KIERAN GILBERT: Well let's look at where these talks are at Minister. The Multi-Party Committee are
holding talks today here in Canberra. Apparently the final talks are going to commence over a
weekend in a fortnight from now.

How important is it politically that you get this sewn up, that you get the final detail done, the
compensation, so that you've actually got a bit more detail behind the - and a bit more substance
behind your repudiation of what's been a successful campaign thus far for Mr Abbott and his team?

BRENDAN O'CONNOR: Oh, of course it's important that we resolve these matters as quickly as possible
but we'll do it in a way that ensures we've got the best approach possible, and as the Prime
Minister's made clear, we will get this job done.

It's fundamental Kieran to our economy to ensure that we're not left behind. We don't need to lead
the way on all of these things globally but we cannot allow our economy to be stuck when everyone
else is moving to a low carbon economy.

And that's why it's important and that's why you'll see enormous work, not only by the Government
but all members of the Multi-Party Committee on Climate Change because this is an absolute
essential reform for Australia.

KIERAN GILBERT: Senator Brandis, I'll go to you now for your response to that.

GEORGE BRANDIS: Could I respond to that and I wonder if we could reintroduce a little bit of rather
than sort of talking about esoteric things like what the Economist Intelligence Unit might be
saying to each other in London at the moment.

I think that we should reintroduce a little bit of a reality into this debate and think about what
Australians - every day Australians - are saying to each other in the workplaces and shopping
centres of Australia today. They don't want it. This government promised it wouldn't introduce it.
It is going ahead to introduce it - the carbon tax - because it had to do a deal with Bob Brown to
sacrifice the interests of working families in order to get back into government.

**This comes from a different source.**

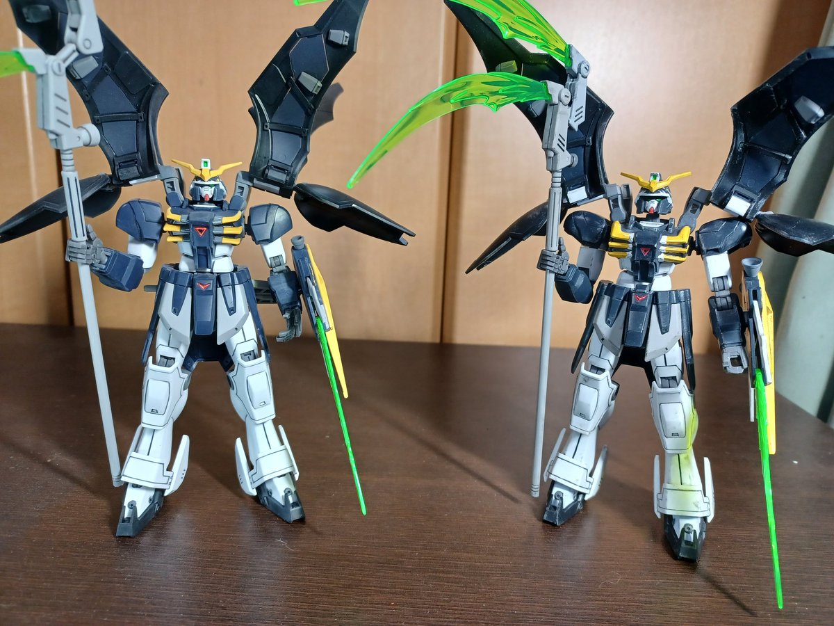デスサイズヘル #ガンプラ #ガンプラの画像貼るとRTされると聞いて 旧キット、HGAC、リヴランスヘブンの3個1完成しました! クロークが前後可動出来るから肩を動かすのに支障ないですが、閉じた時の合いの悪さはご愛顧ってことで…😅 本家HGACがいつ発売かわ分からないけど、近い形に出来たかな?

And it will make not one iota of difference in the absence of coordinated international action, and
Brendan is quite wrong when he said everyone is moving in this direction.

The big polluting economies are not. China is not introducing a carbon tax or an emissions trading
scheme. The United States is not introducing a carbon tax and the Obama administration has
abandoned the emissions trading scheme, neither is Russia, neither is India and the Coalition's
view is that in the absence of coordinated international action...

BRENDAN OCONNOR: Do nothing, do nothing.

GEORGE BRANDIS: ...all this will do is will exploit Australian jobs to the high polluting cheap
labour economies with India and China...

BRENDAN OCONNOR: See we have to be prepared to deal with this issue and clearly Tony Abbott wants
to put his head in the sand and hope it goes away. It will not go away and if we're not prepared
for the changes globally then we'll be left behind, there's no doubt in our mind.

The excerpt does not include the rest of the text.